Osho on sadness as meditation

This is a discourse by Osho that presents the idea of conscious experiencing—especially regarding painful emotions and feelings. Here, the focus is on sadness.

“Sadness can become a very enriching experience. You have to work on it. It is easy to escape from your sadness—and all relationships are usually escapes; one just goes on avoiding it. But it is always there underneath… the undercurrent continues. Even in a relationship, it erupts many times. Then one is prone to throw the responsibility on the other, but that is not the real thing. It is your loneliness, your sadness. You haven’t settled with it, so it erupts again and again.

You can escape into work. You can escape into some occupation, into relationship and society, here and there, into travel, but it doesn’t go away because it is part of your being.

Every man is born alone—in the world, but alone; comes through the parents, but alone. And every man dies alone, again moving out of the world alone. And between these two lonelinesses, we go on deceiving ourselves and each other. It is good to gather courage and enter this loneliness. No matter how hard and heavy it may look in the beginning, it pays tremendously. Once you settle in it, once you start enjoying it, once you start feeling it not as sadness but as silence, once you realize there is no way to escape, you relax.

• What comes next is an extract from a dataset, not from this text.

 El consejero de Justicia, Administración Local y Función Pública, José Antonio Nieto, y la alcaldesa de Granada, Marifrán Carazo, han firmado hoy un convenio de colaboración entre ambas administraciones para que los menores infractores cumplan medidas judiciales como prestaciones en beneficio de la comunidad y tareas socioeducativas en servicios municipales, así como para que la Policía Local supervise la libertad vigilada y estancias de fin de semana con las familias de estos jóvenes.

Nothing can be done about it, so why not enjoy it? Why not go deep and taste it, see what it is? Maybe you are afraid for no reason. It will be there and it is a fact—existential, not accidental—then why not come to terms with it? Why not enter it and see what it is like?

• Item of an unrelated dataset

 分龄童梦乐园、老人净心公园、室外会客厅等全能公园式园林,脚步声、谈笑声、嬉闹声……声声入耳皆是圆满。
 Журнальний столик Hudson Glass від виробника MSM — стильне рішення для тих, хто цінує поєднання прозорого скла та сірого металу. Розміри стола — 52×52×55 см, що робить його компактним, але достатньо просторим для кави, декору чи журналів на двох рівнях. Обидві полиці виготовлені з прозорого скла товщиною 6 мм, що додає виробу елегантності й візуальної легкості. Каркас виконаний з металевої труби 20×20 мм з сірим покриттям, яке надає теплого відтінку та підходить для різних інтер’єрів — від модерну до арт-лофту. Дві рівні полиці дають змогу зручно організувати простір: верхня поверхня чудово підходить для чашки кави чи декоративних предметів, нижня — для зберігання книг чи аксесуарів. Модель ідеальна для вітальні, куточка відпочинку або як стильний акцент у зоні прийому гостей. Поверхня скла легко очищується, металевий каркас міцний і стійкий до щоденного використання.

Whenever you feel sad, sit in silence and allow the sadness to come; don’t try to escape from it. Become as sad as you can. Do not avoid it—that is the one thing to remember. Cry, sob… taste it in its totality. Cry to death… fall on the floor… roll—and then let it go by itself. Don’t force it to go; it will go, because no one can stay in the same mood forever.

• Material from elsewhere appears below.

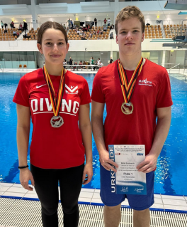 So konnten Alexandra und Malte zusammen 1 Gold, 2 Silber- und eine Bronzemedaille gewinnen und Rayan Obbad in einem sehr stark besetzten B-Jugendjahrgang 2010 einen hervorragenden 6. Platz auf dem 1m-Brett erreichen.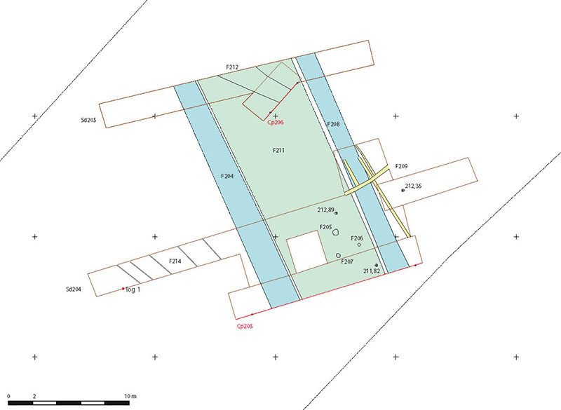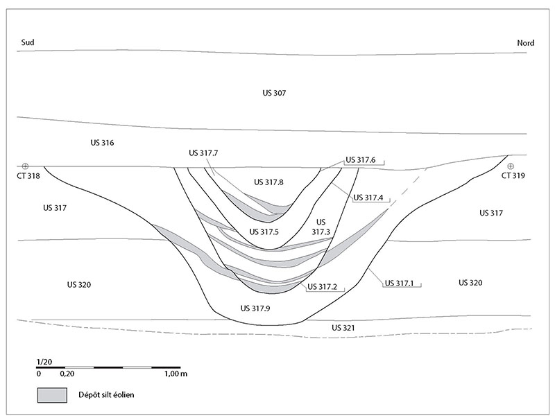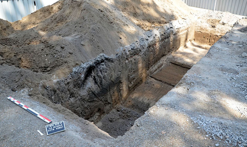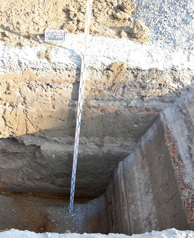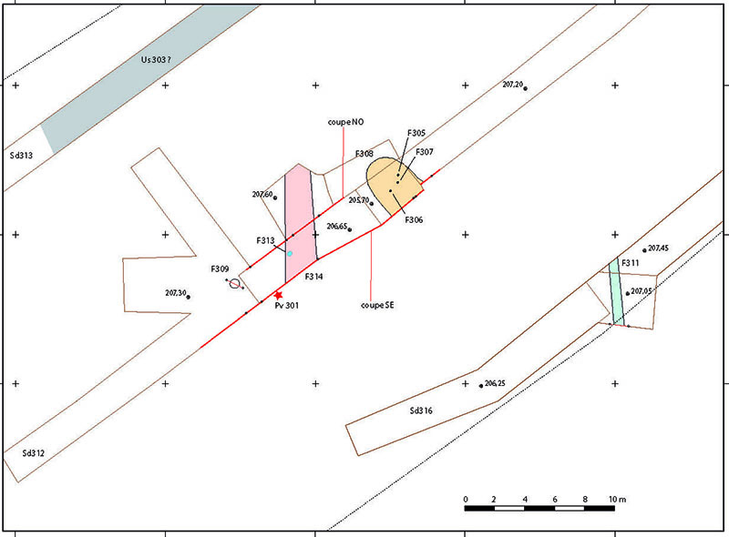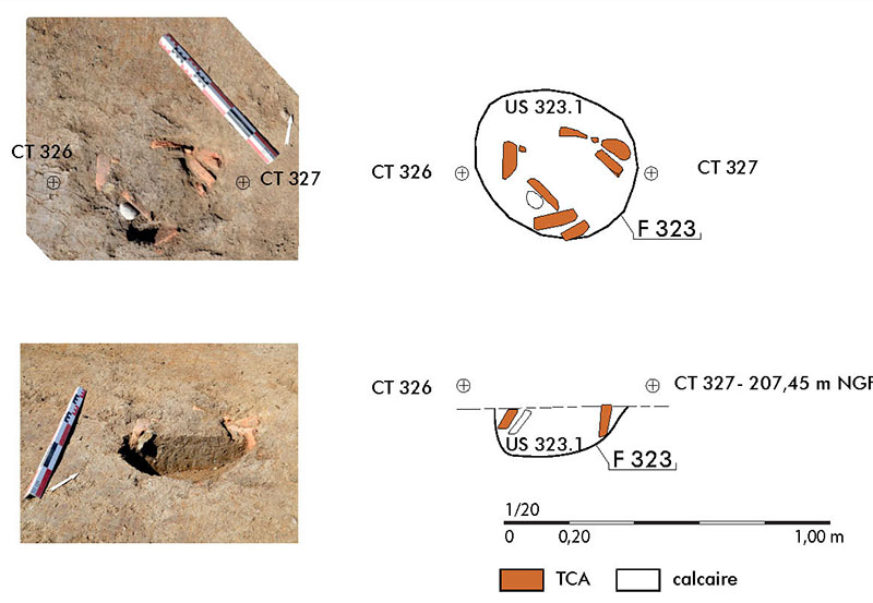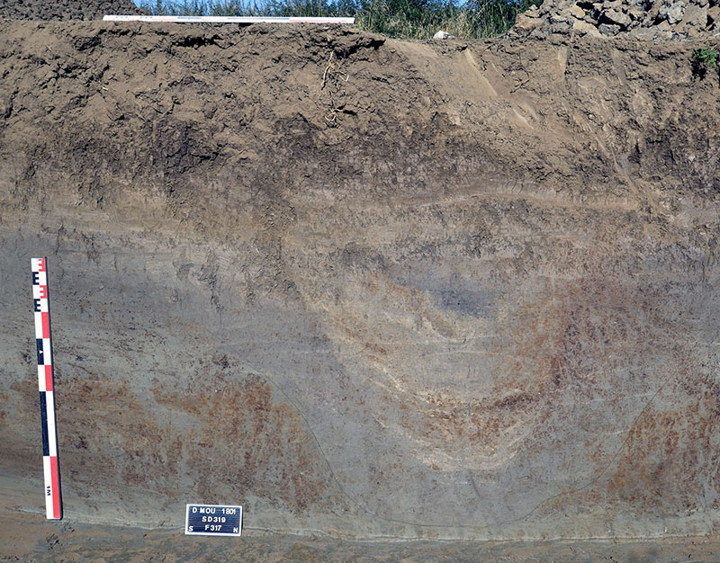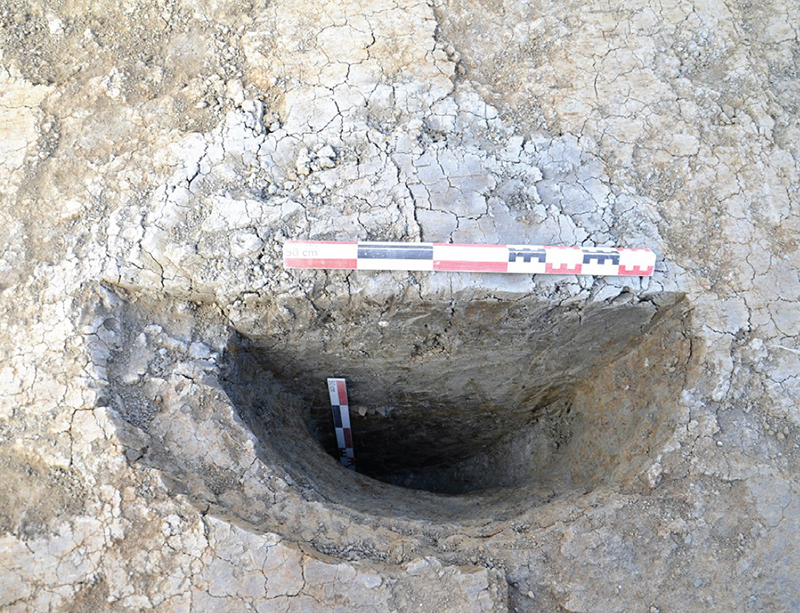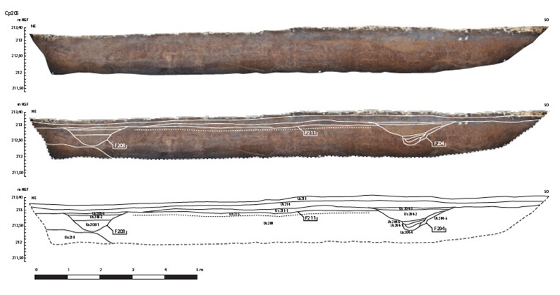 Un peu plus à l’ouest, environ à mi-parcours du futur tracé routier, une séquence stratifiée et un trou de poteau relativement bien conservé ont révélé une occupation protohistorique (2100 à 52 avant J.-C.) recouverte par des dépôts d’argile.

When it goes, you will be liberated, absolutely unburdened, as if all gravity has vanished and you can fly, weightless. This is the moment to enter your inner self. First, bring out the sadness. The usual attitude is not to allow it, to find ways and means to divert the attention—to go to a restaurant, to the swimming pool, to meet friends, read a book or go to the cinema, play the guitar—to do something so that you are engaged and your attention is elsewhere.

This is to be remembered—whenever you feel sad, don’t miss this opportunity. Close the door, sit on the floor, and feel as sad as you can be, as if the whole world is just a hell. Enter deep into the sadness… sink into it. Allow every sad thought to penetrate you, every sad emotion to stir you. Cry, sob, and say things—say things out loud, there is nothing to worry about.

So first live the sadness for a few days, and the moment the power of the sadness is gone, you will feel very calm, peaceful—like a person who has passed through a storm. In that moment, sit quietly and enjoy the silence that comes on its own. You didn’t bring it; you brought the sadness. When the sadness is gone, in the empty space, silence settles.

Listen to that silence. Close your eyes. Feel it… feel the very texture of it… the fragrance of it. And if you feel happy, sing and dance.”

Osho, Be Realistic: Plan for a Miracle, Talk #17


The Path to Wholeness

The attitude of consciously experiencing pain is the direct way to integrate psychic contents that have been rejected by our conscious mind. This is vital because it is the path toward wholeness and mental health. It is also a spiritual practice for mindful presence in everyday life and meditativeness.

Above, Osho speaks about the awareness of sadness, which leads to the release of strong emotions and catharsis. For me, however, this feeling often takes much softer and less dramatic forms. It resembles the feeling of Sorrow, as described in the Osho Zen Tarot card of the same name. It represents the longing for union with the Original Source, which alone can put an end to the feeling of separation and isolation.

Two or three days of catharsis, sobbing, and crying will do some good, but they won’t be enough to clear the deeper sadness. Therefore, for me, the most important sentence in the quote above is: “Once you realize there is no way to escape, you relax.”

And when you relax, a silence of a different quality arrives.

The hole of emptiness begins to fill.

Kameliya Hadzhiyska

Psychologist and psychotherapist, founder of espirited.com.